** Opening Record excerpts block **

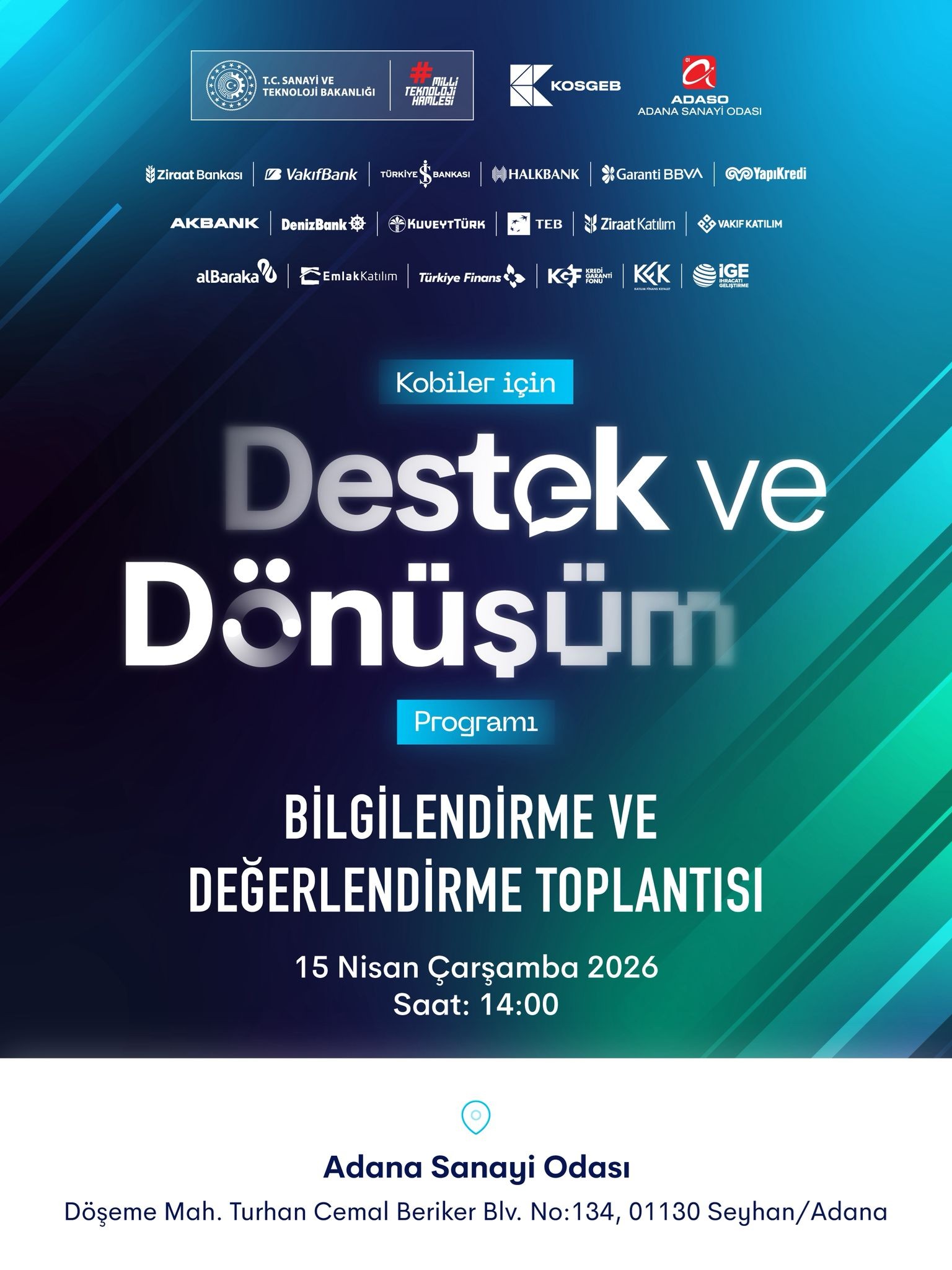 Bu kapsamda, Odamız ev sahipliğinde, KOSGEB Başkanı Sayın Ahmet Serdar İbrahimcioğlu’nun katılımlarıyla 15 Nisan Çarşamba günü saat 14:00’de “KOBİ’ler İçin Destek ve Dönüşüm Programı Bilgilendirme ve Değerlendirme Toplantısı” gerçekleştirilecektir.
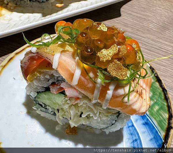 晶瑩剔透的鮭魚卵本來就是頂級壽司的點睛之筆,濃縮大海鮮味的爆漿滋味,每一口都帶來極致的鮮美;金箔更是畫龍點睛,讓這道壽司不只美味,還充滿儀式感。鮭魚的油脂溫潤綿密,搭配鮭魚卵的爆汁口感,層次感太棒了,每一口都是海味的極致演出,這樣的組合,讓人忍不住想一吃再吃!
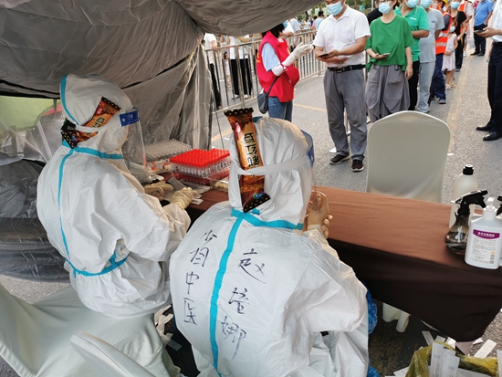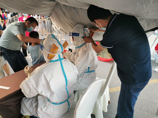 自此,二附院参与全市核酸检测人员380人均已圆满完成检测任务,安全返回。据统计,7月31日夜里23:50分,二附院第一批130名核酸检测医疗队急赴郑州二七区6个社区,完成11000人次的核酸检测采样工作;第二批200名核酸检测医疗队分赴金水区丰庆路办事处和国基路办事处,分为28组,共计完成核酸检测采样183771人次;第三批50人赴荥阳核酸检测队员分为两组共完成荥阳豫龙镇二十里铺社区11000余人次。三批检测队员共计完成20余万人次的核酸检测采样任务,为防控新冠疫情贡献了省中医院人的力量。
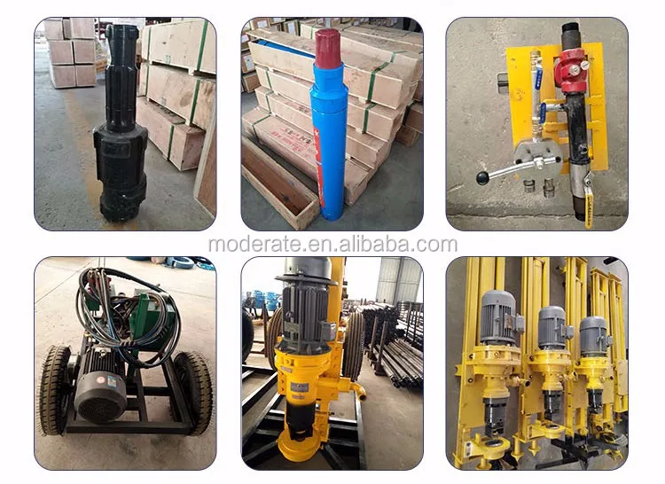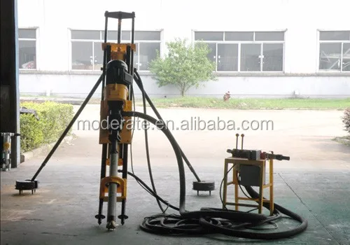 DTH pneumatic borehole drilling rig machine is widely used in mines,transportations,defense,water conservancy,rock engineer,especiaaly rugged terrain,which has low center of gravity,easy to fold and to move.Rotator reducer with high torque ensure operating reliable in the case of strong vibrations or heavy duty.The propulsion system equipped has relief valve for adjusting propulsion,to ensure excellent performance.Structure is simple ,easy to operate.
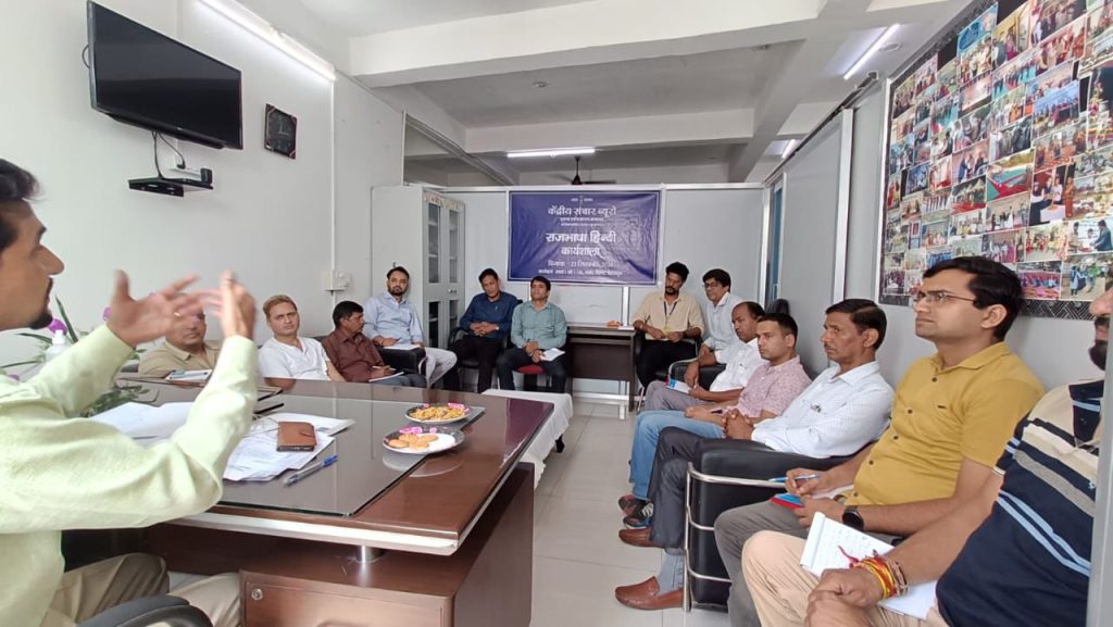 कार्यशाला को दो सत्रों में विभाजित किया गया। प्रथम सत्र पूर्वाह्न 10ः00 बजे से 01ः30 बजे तक आयोजित किया गया, जिसमें “ऐतिहासिक एवं संवैधानिक दृष्टिकोण से राजभाषा की सामान्य जानकारी एवं हिंदी दिवस का महत्व” विषय पर विस्तार से चर्चा की गई। प्रतिभागियों ने इस सत्र के माध्यम से हिंदी दिवस की ऐतिहासिक पृष्ठभूमि, संवैधानिक प्रावधानों और राजभाषा नीति के महत्व को समझा। द्वितीय सत्र अपराह्न 02ः00 बजे से 04ः00 बजे तक चला, जिसमें “कार्यालयी हिंदी का स्वरूप” विषय पर प्रशिक्षण दिया गया। इस सत्र में प्रतिभागियों को पत्राचार, नोटिंग, लेखन शैली तथा सरकारी कार्यों में हिंदी के व्यवहारिक उपयोग की जानकारी दी गई। कार्यशाला के अंत में प्रतिभागियों ने इसे अत्यंत उपयोगी एवं ज्ञानवर्धक बताया। सभी ने एक स्वर में कहा कि ऐसे आयोजन हिंदी के प्रति रुचि और दक्षता को बढ़ाने में सहायक होते हैं तथा राजभाषा के प्रचार-प्रसार को और सशक्त बनाते हैं।
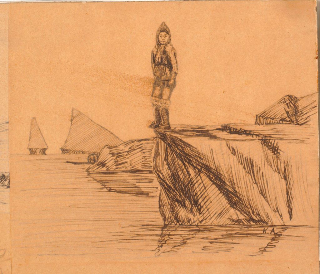 Kaarale Andreassen (Kalaallit Nunaat), Kvinde på en klippe (Woman on a Cliff), n.d.
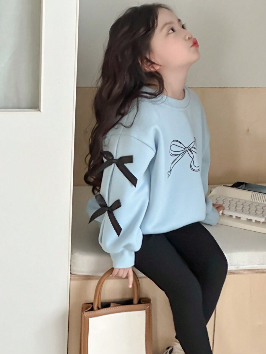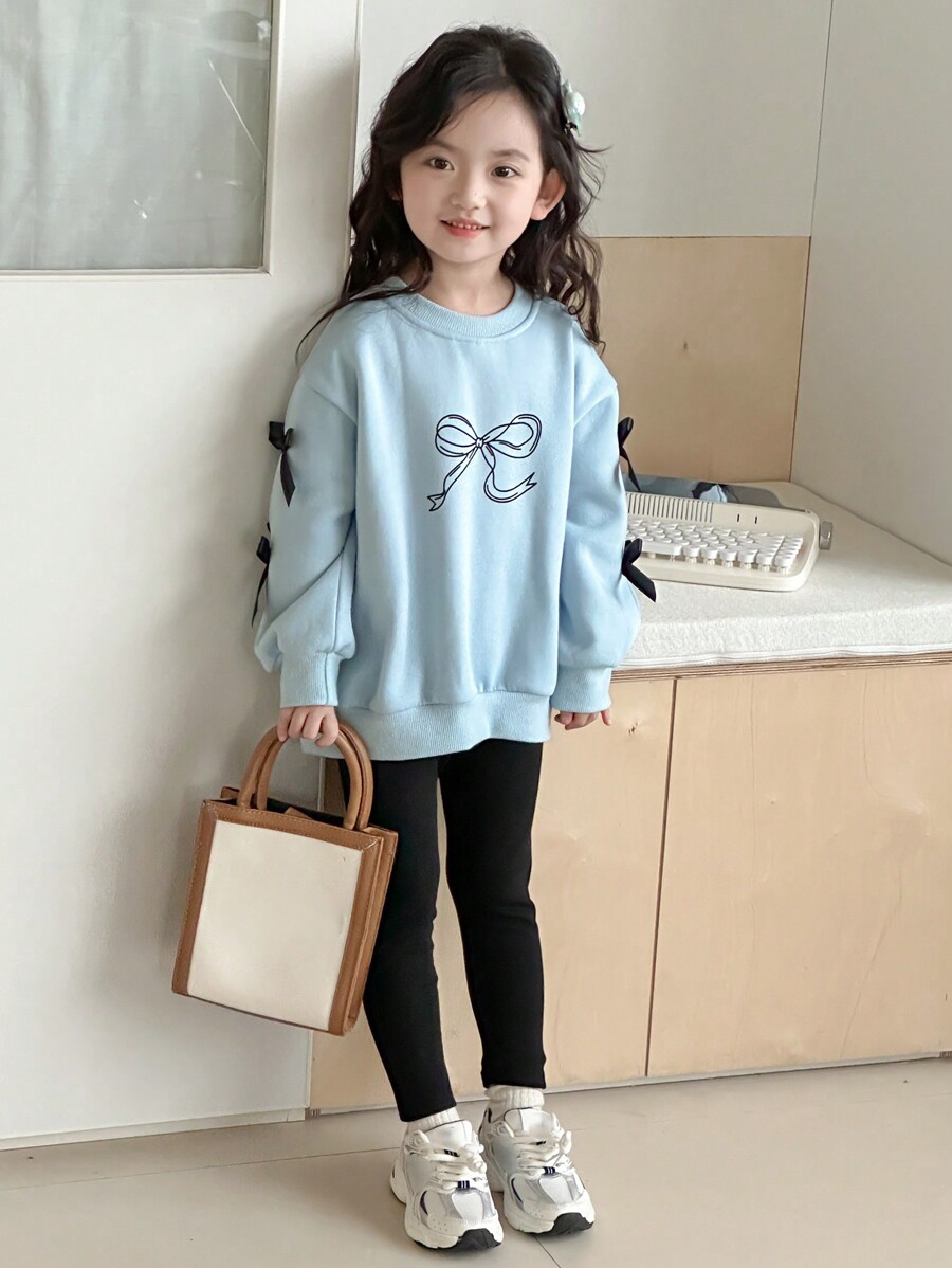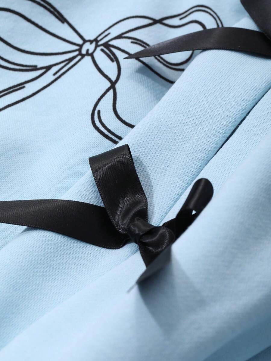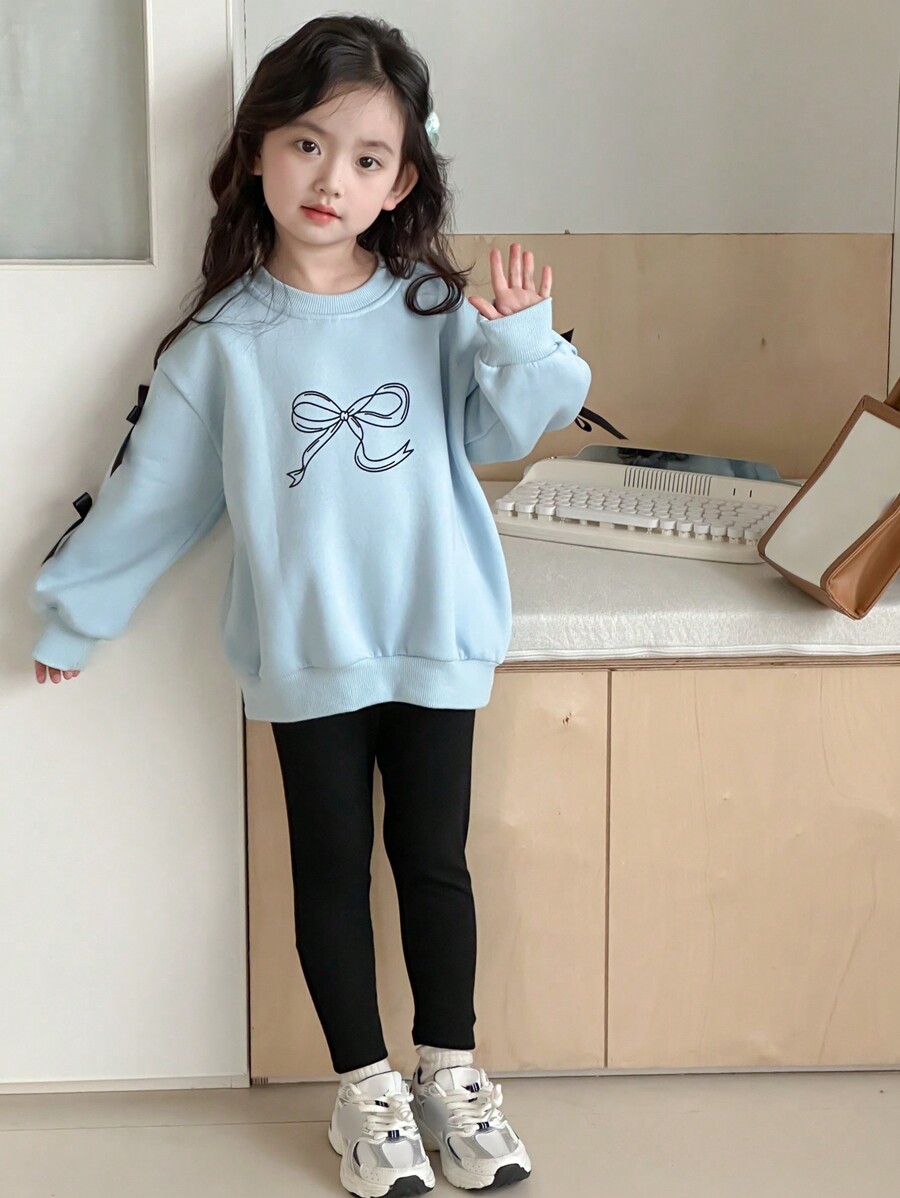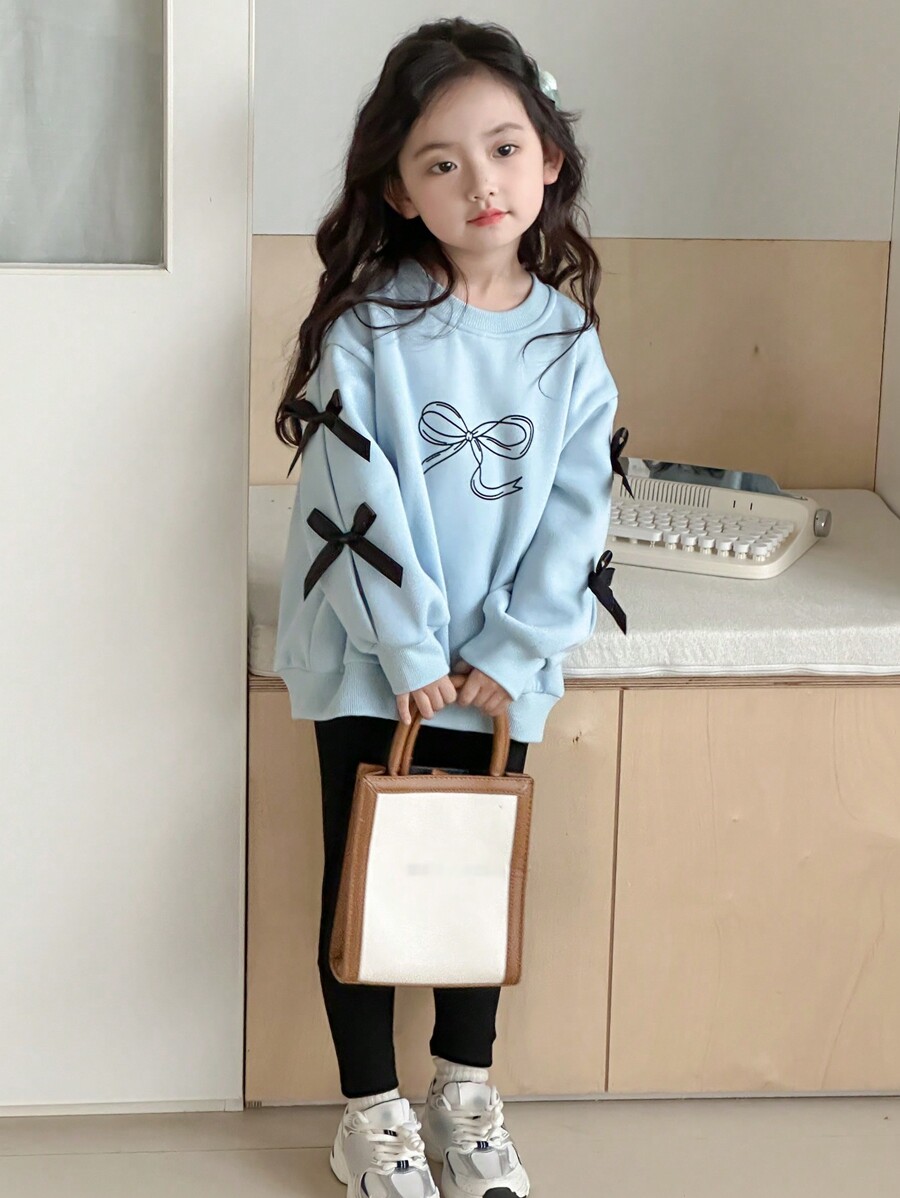 DAZY 2pcs Young Girl Round Neck Knit Bow & Printed Two-Piece Set, Fall
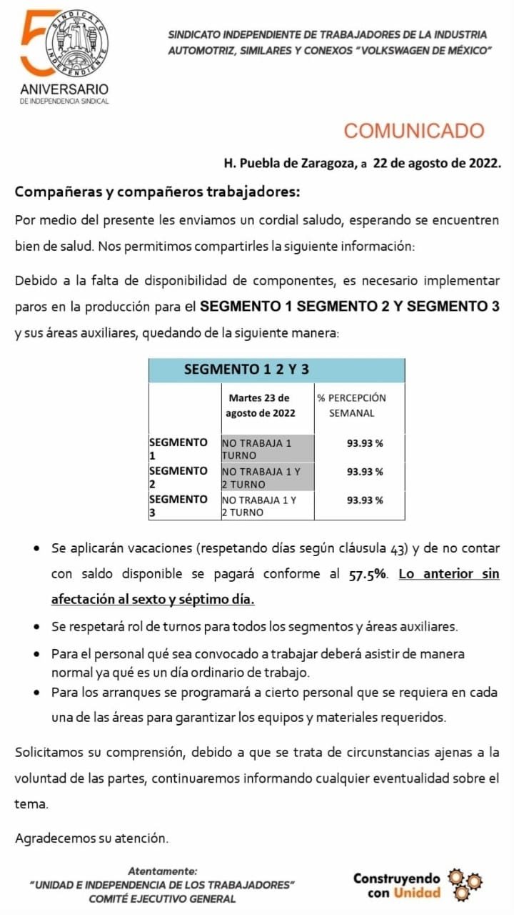 El Sindicato Independiente de Trabajadores de la Industria Automotriz Volkswagen (Sitiavw) informó en un comunicado que las actividades se retomarán en el tercer turno de este día.
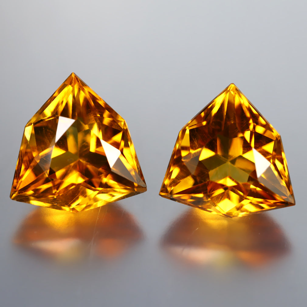 8.38 ct(2pcs) PAIR Trillion(11.35 x 11.03 mm)Natural Citrine Gemstone

** Closing Record excerpts block **

> Work to be completed: With the pictures removed from your copy, retype the lines above from the one that contains "晶瑩剔透的鮭魚卵本來就是頂級" through the one that contains "Kaarale Andreassen (Kalaallit", exactly.

> Problem solution:
 晶瑩剔透的鮭魚卵本來就是頂級壽司的點睛之筆,濃縮大海鮮味的爆漿滋味,每一口都帶來極致的鮮美;金箔更是畫龍點睛,讓這道壽司不只美味,還充滿儀式感。鮭魚的油脂溫潤綿密,搭配鮭魚卵的爆汁口感,層次感太棒了,每一口都是海味的極致演出,這樣的組合,讓人忍不住想一吃再吃!
 自此,二附院参与全市核酸检测人员380人均已圆满完成检测任务,安全返回。据统计,7月31日夜里23:50分,二附院第一批130名核酸检测医疗队急赴郑州二七区6个社区,完成11000人次的核酸检测采样工作;第二批200名核酸检测医疗队分赴金水区丰庆路办事处和国基路办事处,分为28组,共计完成核酸检测采样183771人次;第三批50人赴荥阳核酸检测队员分为两组共完成荥阳豫龙镇二十里铺社区11000余人次。三批检测队员共计完成20余万人次的核酸检测采样任务,为防控新冠疫情贡献了省中医院人的力量。
 DTH pneumatic borehole drilling rig machine is widely used in mines,transportations,defense,water conservancy,rock engineer,especiaaly rugged terrain,which has low center of gravity,easy to fold and to move.Rotator reducer with high torque ensure operating reliable in the case of strong vibrations or heavy duty.The propulsion system equipped has relief valve for adjusting propulsion,to ensure excellent performance.Structure is simple ,easy to operate.
 कार्यशाला को दो सत्रों में विभाजित किया गया। प्रथम सत्र पूर्वाह्न 10ः00 बजे से 01ः30 बजे तक आयोजित किया गया, जिसमें “ऐतिहासिक एवं संवैधानिक दृष्टिकोण से राजभाषा की सामान्य जानकारी एवं हिंदी दिवस का महत्व” विषय पर विस्तार से चर्चा की गई। प्रतिभागियों ने इस सत्र के माध्यम से हिंदी दिवस की ऐतिहासिक पृष्ठभूमि, संवैधानिक प्रावधानों और राजभाषा नीति के महत्व को समझा। द्वितीय सत्र अपराह्न 02ः00 बजे से 04ः00 बजे तक चला, जिसमें “कार्यालयी हिंदी का स्वरूप” विषय पर प्रशिक्षण दिया गया। इस सत्र में प्रतिभागियों को पत्राचार, नोटिंग, लेखन शैली तथा सरकारी कार्यों में हिंदी के व्यवहारिक उपयोग की जानकारी दी गई। कार्यशाला के अंत में प्रतिभागियों ने इसे अत्यंत उपयोगी एवं ज्ञानवर्धक बताया। सभी ने एक स्वर में कहा कि ऐसे आयोजन हिंदी के प्रति रुचि और दक्षता को बढ़ाने में सहायक होते हैं तथा राजभाषा के प्रचार-प्रसार को और सशक्त बनाते हैं।
 Kaarale Andreassen (Kalaallit Nunaat), Kvinde på en klippe (Woman on a Cliff), n.d.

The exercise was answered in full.